I know I am a better person for having had to slow down.  A loss of true mobility that I am seeing regained has given me appreciation and gratitude for so many of those simple things we take for granted.  The walks on the beach with my dogs is a highlight of one of the things my mobility and I enjoy but the grander picture of walking at all is something I no longer take for granted!

(Assignment from Writing101) – Part 3

Write about a loss: something (or someone) that was part of your life, and isn’t any more.

This doesn’t need to be a depressing exercise; you can write about that time you lost the three-legged race at a picnic. What’s important is reflecting on this experience and what it meant for you — how it felt, why it happened, and what changed because of it.

Today’s twist: Make today’s post the first in a three-post series.

2 thoughts on “Writing 101 Day 4: (part 3)… other things gained

  1. I am very inspired by your post here.

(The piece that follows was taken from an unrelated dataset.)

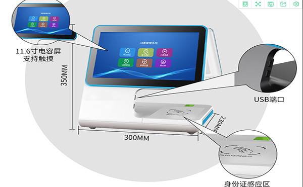 訪客機內置公安部推出的第二代身份證閱讀器,自動讀取居民身份證芯片中的文字、人臉及指紋特征信息。
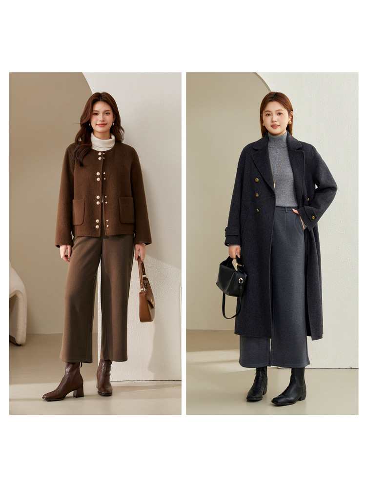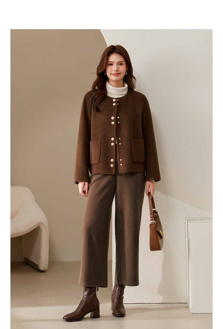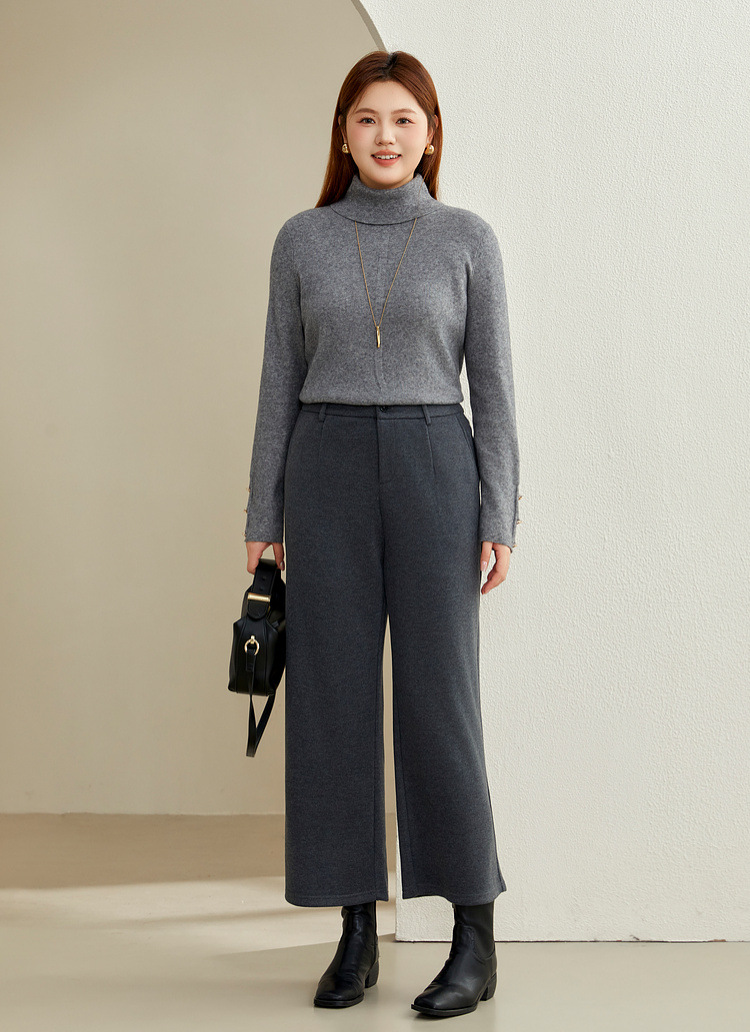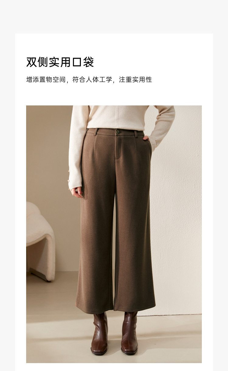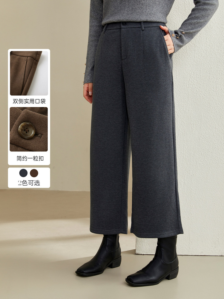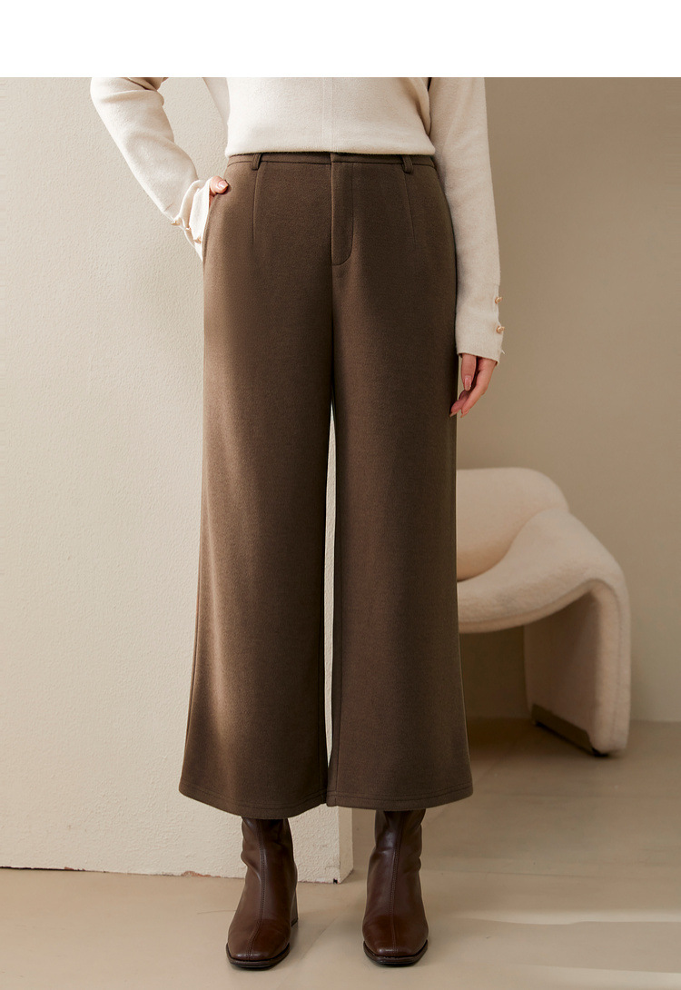 Слепое шоу большой размер женская дикая пригородная прямая крытая тонкая и удобная коричневая брюки толстый mm2024 зимний новый

I know I am often “in a hurry” when I could easily just slow down and smell the roses. I have an extremely slow husband, his dad even nick-named him Mosey because he’s been slow his whole life. It drives me crazy because I have been “fast” all my life. Funny, most of my early elementary reports cards even have hand-written notes from my teachers saying, “Mary needs to slow down. She always has to be first to finish” (etc) I am very inspired by people whom I see that have a peaceful affect about them. They stand out in a crowd and some even stop me, dead in my tracks, total strangers who have such a sense of peace and love and goodness about them I feel humbled immediately just to come in contact with them.
    I think humility is the most awesome of the graces. I think your experience and the way you’ve written about those in our midst who have special needs and need our respect and carefulness is something we all need to remember. I was my mother’s care-taker for five years; she lived to be 94 with growing Alzheimer’s in the end. I, too, developed a different sense about special needs people from being with her.

  2. Thank you very much for taking the time to comment. I think in general life is trying to catch us all up in the hustle and bustle of ‘busyness’ & ‘hurry’ -rushing around and then wondering what did we really accomplish. My dogs help give me pause to enjoy their carefree joy and the sunsets remind me of the beauty around us. When we can notice the beauty around us and be grateful for the small things then perhaps too we take the time to as point out have the humility and grace to care about others. A constant lesson to be learned and remembered.